The U.S. also provides a pathway to citizenship. After 12 months, refugees admitted to the country are required to apply for a green card, giving them the status of legal permanent resident.
Today's new refugees do not all want to head west.
"There's a misconception that refugees want to come to the U.S. to get jobs or go to our shopping malls," says Chris Boian, a UNHCR spokesperson. "But they want to stay as close to their homes as possible so that they can return to their lives as soon as they are able to do so."
That explains why the top refugee-hosting countries neighbor conflict areas like South Sudan and Syria, he says. "As long as it's safe there and [the country] has things that people need to have a life, they'll remain there."
It's only when refugees realize they may not be able to get access to basic resources and a decent quality of life in their new host countries that they attempt the often dangerous journey to the West, says Marta Foresti, managing director at the Overseas Development Institute. A new study from the Overseas Development Institute found that the main reason that Eritrean refugees decide to move on to Europe as a last resort is when they've been denied the right to work in neighboring Ethiopia.
Refugees often end up in poor countries and small countries that don't have ample resources to support them.
UNHCR compared the number of refugees as of mid-2016 to the overall size of a country's economy, measured by gross domestic product (see chart, above). The report found that low- and middle-income nations in the Middle East, Asia and Africa carry the biggest burden.
"A fairly small number of middle- or lower-income countries carry the weight for everyone else," says Boian.
These countries do not have enough wealth to provide basic resources for newcomers — and the influx puts a strain on their economies, says Boian. Although the countries receive UNHCR aid, the agency can't keep up, he says. "We're one of the only agencies that starts our budget at zero every year. We rely very heavily on support of the governments of the world."
The U.S., for example, has given $5.9 billion in humanitarian aid to Syria since their civil war started in 2011, which works to about $1 billion a year. That includes funding for relief groups assisting refugees and for refugee support in neighboring countries. Still, it's not enough. In January, the U.N. and NGO partners appealed for $4.6 billion to aid Syrian refugees and host nations.

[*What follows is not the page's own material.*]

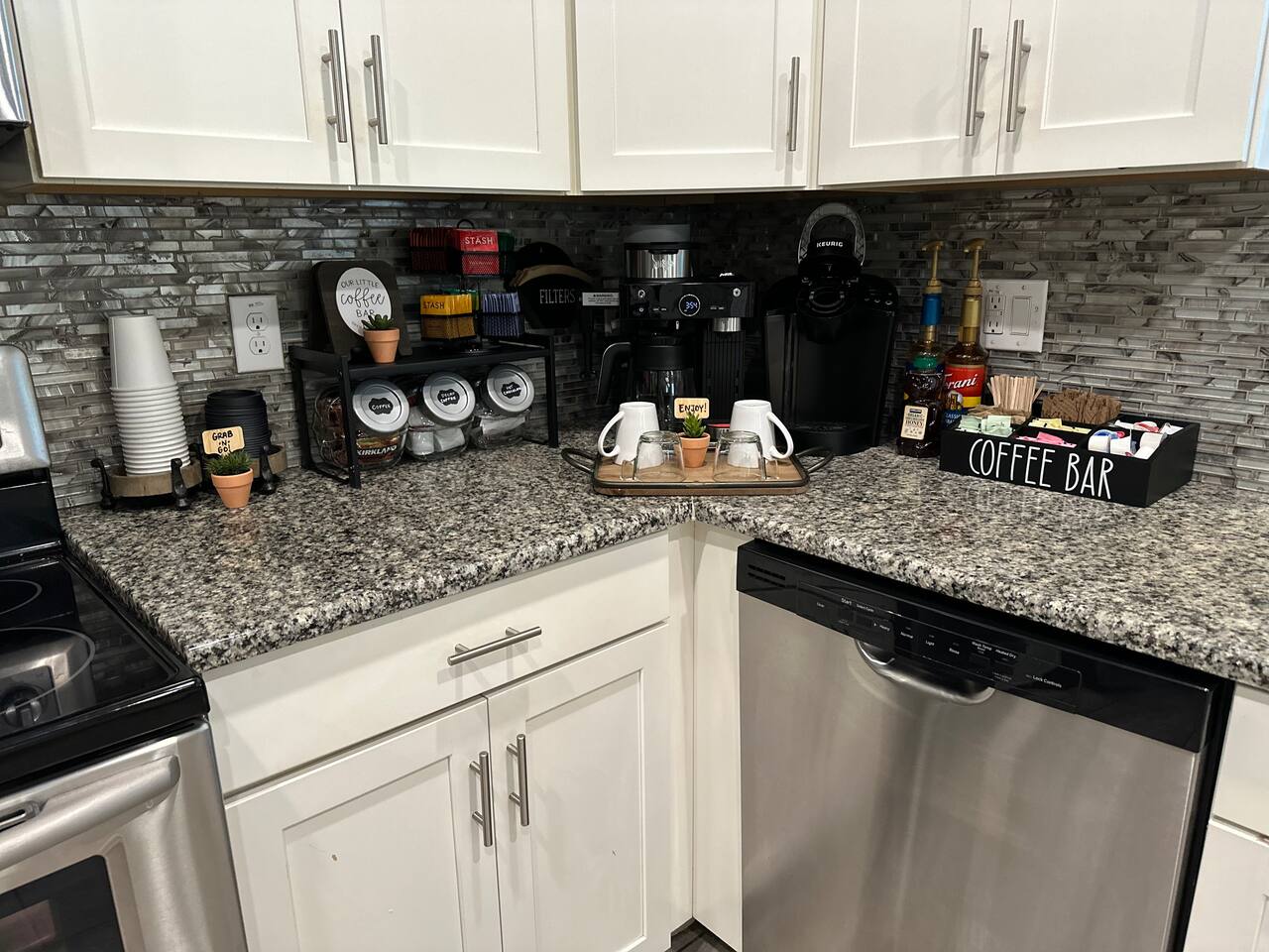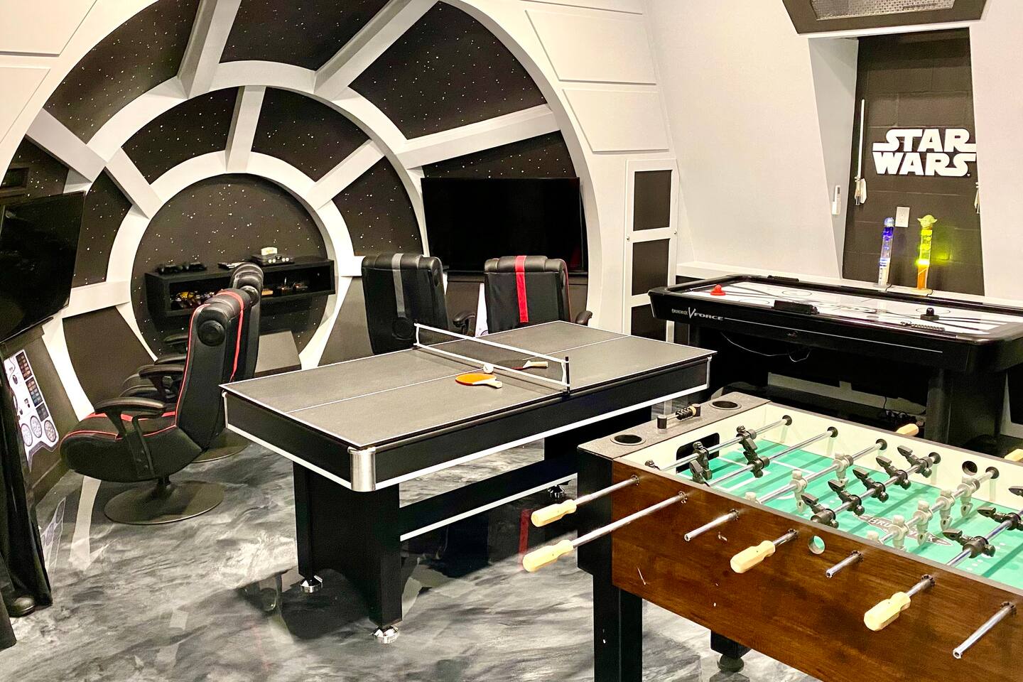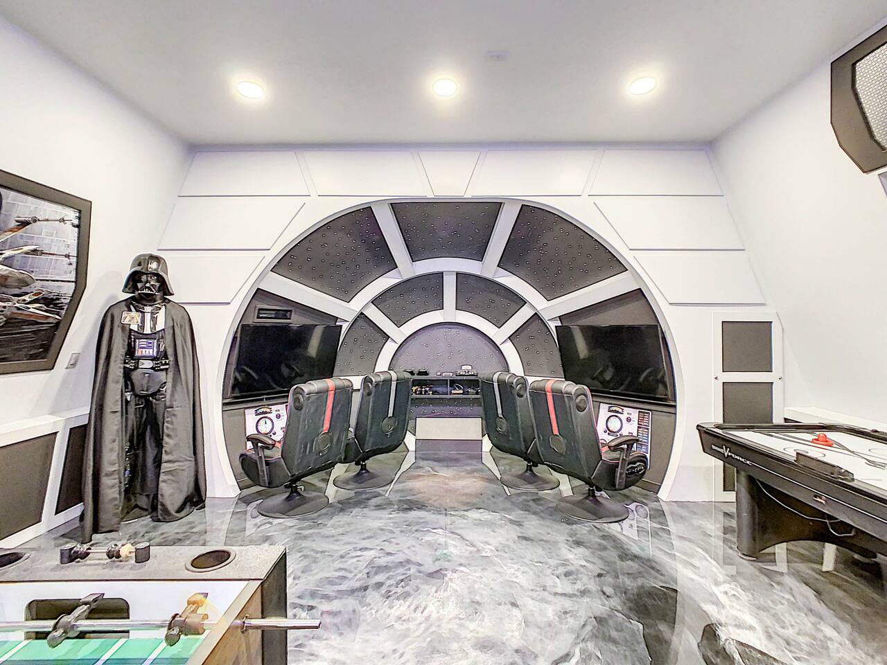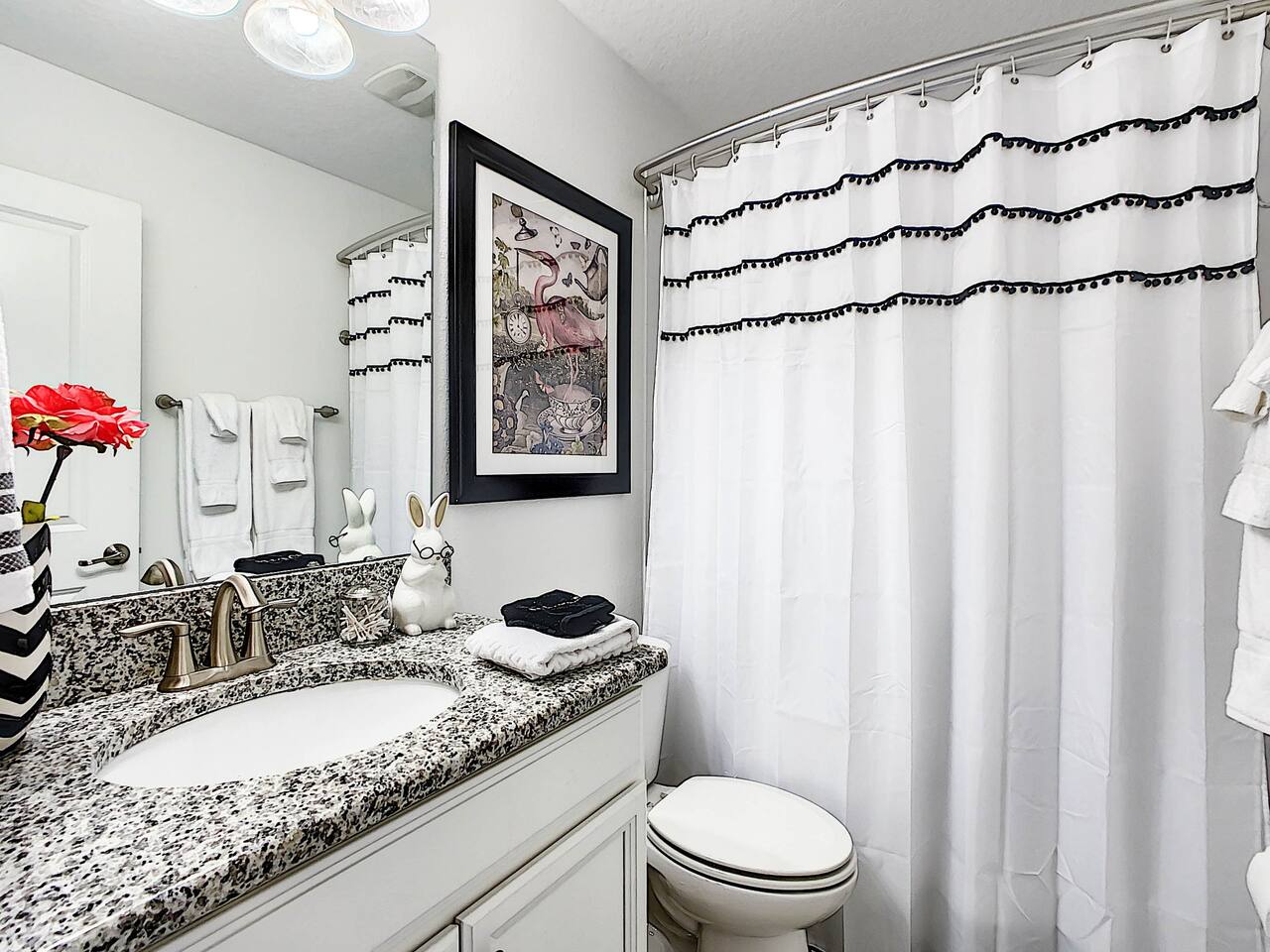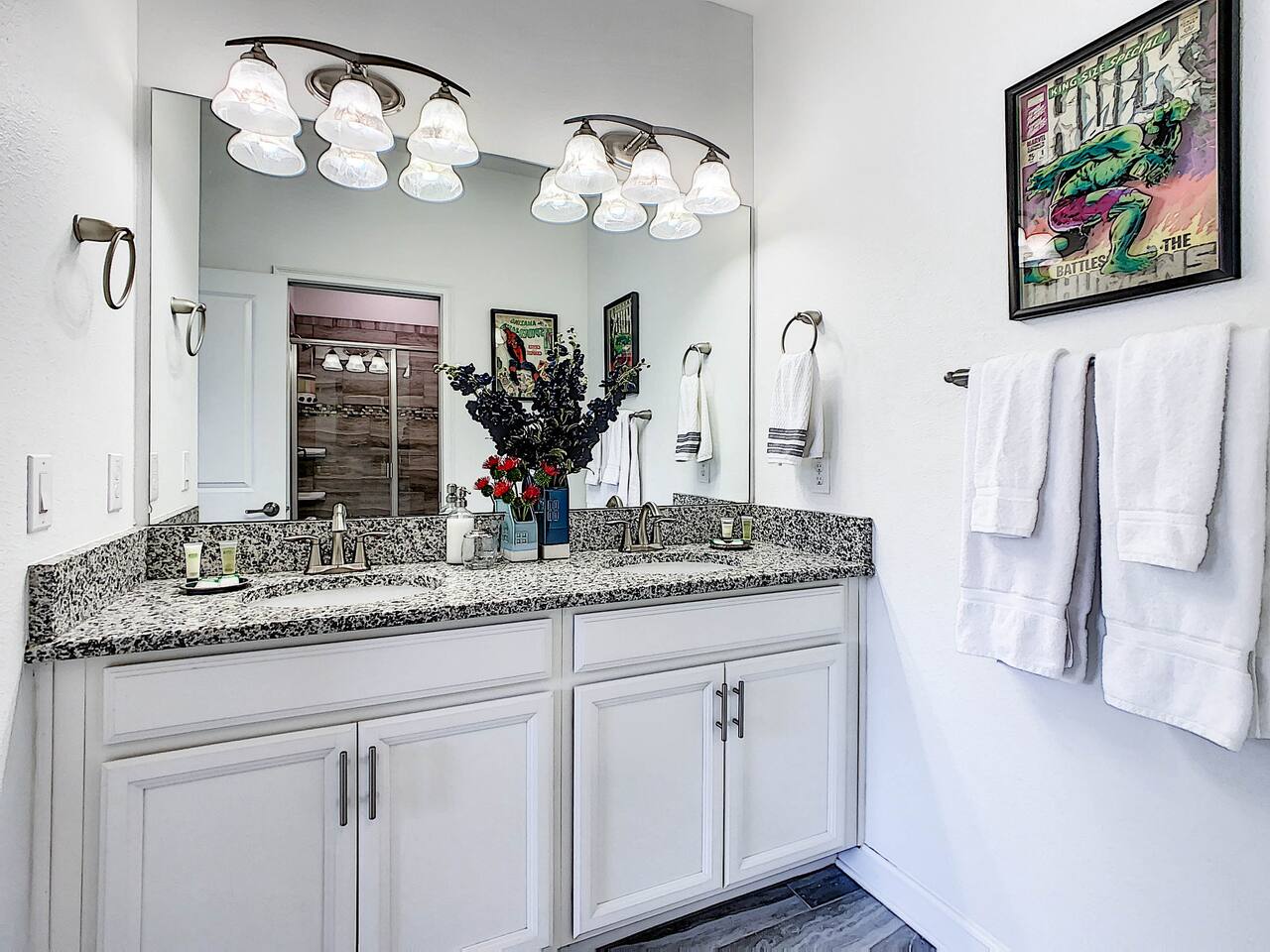 We believe a vacation is about making lifelong cherished memories—not just a place to stay or an experience. That's why we've thoughtfully provided exceptional amenities and personalized touches to make your stay magical and unforgettable. 🎀 PERSONALIZED WARM WELCOME •✨ Custom Greeting: Begin your stay with a personalized touch—your party’s name displayed on the door, celebrating special occasions like a first Disney trip, birthday, or retirement. We’ll reach out a week prior to plan this special detail. • 🎁 Welcome Gift: Upon arrival, discover a complimentary gift bag filled with tasty snacks to help you relax and settle in after your journey. •🍫Smores Kit: Delight in a special welcome surprise for the kids! Enjoy cozy evenings around two patio fire pits with our complimentary s’mores kit, perfect for creating sweet family memories under the stars. 🎉 FAMILY FUN AMENITIES • 🕵️♂️ Mickey Scavenger Hunt: Ignite your children's imagination with our exciting Mickey Scavenger Hunt! They'll love exploring every nook and cranny of the house in search of 23 hidden Mickeys painted throughout the walls. his interactive adventure ensures endless fun. Parents receive an answer key to ensure a fun and easy hunt for the whole family. • 🎅🏼 Holiday Decorations: To make your stay even more memorable, we decorate for the holidays, creating a festive atmosphere for you and your family to enjoy. From twinkling lights to a beautifully decorated tree, we bring the holiday spirit right to your home away from home. See photos • 🛝 Kids Zones - Trolls Haven Let your kids immerse themselves in a whimsical Trolls-inspired paradise where play and imagination come to life! Step into Branch’s Bunker, a magical space equipped with a full kitchen set, complete with play food, kitchenware, and endless possibilities for pretend cooking adventures. Kids can suit up in Branch’s survival vests to outwit the Bergens, creating exciting chase and tag games as they explore the interconnected Trolls bedroom/playroom and the Star Wars game room. For double the fun, they’ll have access to two thrilling slides: • One slide starts in the Trolls bedroom/playroom for nonstop fun. • The second slide, in the same room, transports them straight into the Star Wars game room for an intergalactic adventure! Trolls Haven is the ultimate kids’ zone where imagination knows no bounds and laughter echoes endlessly. • ☕ ME Time Discover your ultimate retreat in the house – a cozy cool spot designed just for relaxation. 🛋️ Whether you want to curl up with a good book or simply swing your cares away, this serene corner is perfect for unwinding and recharging. Sink into the comfort of the swinging seat, let the gentle motion soothe your soul, and take a moment to truly relax. It’s your space to escape, reflect, and enjoy some well-deserved “ME Time.” 🌿 • 🎥 Ultimate Home Theater Immerse yourself in cinematic bliss with stadium seating, an 86-inch 4K HD screen, and Dolby Atmos surround sound. Enjoy live sports, movies, and more with Spectrum TV or your streaming accounts. •🍿Commercial-Grade Popcorn Machine: Make movie nights extra special with our commercial-grade popcorn machine, delivering freshly popped, delicious snacks for an unforgettable cinematic experience. • 🌌 Ultimate Game Room Unleash the fun in this spectacular game room! Featuring a tube slide, gaming stations (Nintendo 64, Xbox, Atari, & 1UP arcade with 300+ games), ping pong, pool, and air hockey—adventures and unforgettable memories await! 🍽️ GOURMET CONVENIENCES •☕ Coffee/Tea/Hot Chocolate Bar: Start your day with a perfect cup from our Coffee/Tea/Hot Chocolate Bar. Choose between a Keurig, traditional 12-cup coffee maker, or Nespresso machine. We provide a variety of coffee grounds, flavored syrups, creamers, sugars, sugar substitutes, and tea bags for non-coffee drinkers. Additionally, enjoy non-caffeinated options for both coffee and tea enthusiasts. • 🧇Waffle Bar Extravaganza: Savor our complimentary Mickey waffle bar with all the toppings, including waffle mix, syrup, powdered sugar, cinnamon sugar, and chocolate chips. • 🍳 Chef’s Dream Kitchen: Cook like a pro with our fully stocked kitchen! Enjoy 33 spices, quality cookware, and appliances like crockpots. From gourmet meals to kid-friendly dishes, we’ve got everything you need. ✨ Luxury Comforts • 🏊♀️ Complimentary Pool & Spa Heating: A $30/day value included for free. • 🔥 Free Grill and Firepit Access: Make the most of your stay with **complimentary grill usage**—a perk that other hosts usually charge a daily fee. **We also provide a one-time propane tank reimbursement if you run out during your stay, ensuring your barbecue plans proceed without a hitch. • 🚿 Water Softening System: Enjoy softer water for cleaner linens, better-tasting drinks, and luxurious showers. • 🏖️ Relax and entertain in style! Enjoy the firepit, a 50-inch outdoor TV, and a cooler for your favorite drinks. Perfect for unforgettable evenings by the pool. • 🛏️ From the moment they were brand new, all our mattresses have been fully encased with premium protectors and topped with mattress toppers to ensure they stay clean and free from soiling. Our high-end, hotel-quality pillows have also been encased since new to guarantee both comfort and cleanliness. • 🧺 Dual LG washer and dryer setup—perfect for getting your laundry done quickly and efficiently. 🛋️ Comfort Essentials • 🧻 We go above and beyond to make your stay comfortable from the moment you arrive. Enjoy a robust supply of essentials, including: • Toilet paper (2 rolls per bathroom) • Bathroom soap • 1 roll of paper towels • Unlimited garbage bags • Unlimited dish soap • Unlimited dishwasher tabs • 3 laundry tabs with dryer sheets • Showers feature dispensers with unlimited shampoo, conditioner, and body wash.

Smaller countries are also playing an outsize role. Looking at the proportion of refugees to national population, UNHCR found that smaller nations have some of the highest proportions of hosted refugees. For some countries like South Sudan and Chad, that's a result of geography — they're closest to big sources of refugees. For others, it's a result of policy. For example, if refugees attempt to arrive to Australia by boat, they're sent instead a detention camp on the tiny island republic of Nauru.
Palestine is not included in the U.N. Refugee Agency report.
There are over 5 million Palestinian refugees — the largest group of refugees in the world, according to the U.N. But they're not included in the UNHCR data and are under the jurisdiction of another U.N. agency, United Nations Relief and Works Agency.
The reason for the separate category rests in their history. NPR's Greg Myre explained, in a story from October 2015: "The 1948 Arab-Israeli War created the original Palestinian refugee population of some 700,000. Many have long since died, but their descendants are also classified as refugees and are concentrated in Lebanon, Jordan, Syria and the Palestinian territories."
There are actually more internally displaced people than refugees.
IDPs, as they're called, leave their towns, cities and villages for the same reasons as refugees but remain in their own country. Out of 63.9 million people that UNHCR calls "persons of concern" — refugees, asylum-seekers, IDPs, stateless individuals and others -- 37.5 million were IDPs in 2015.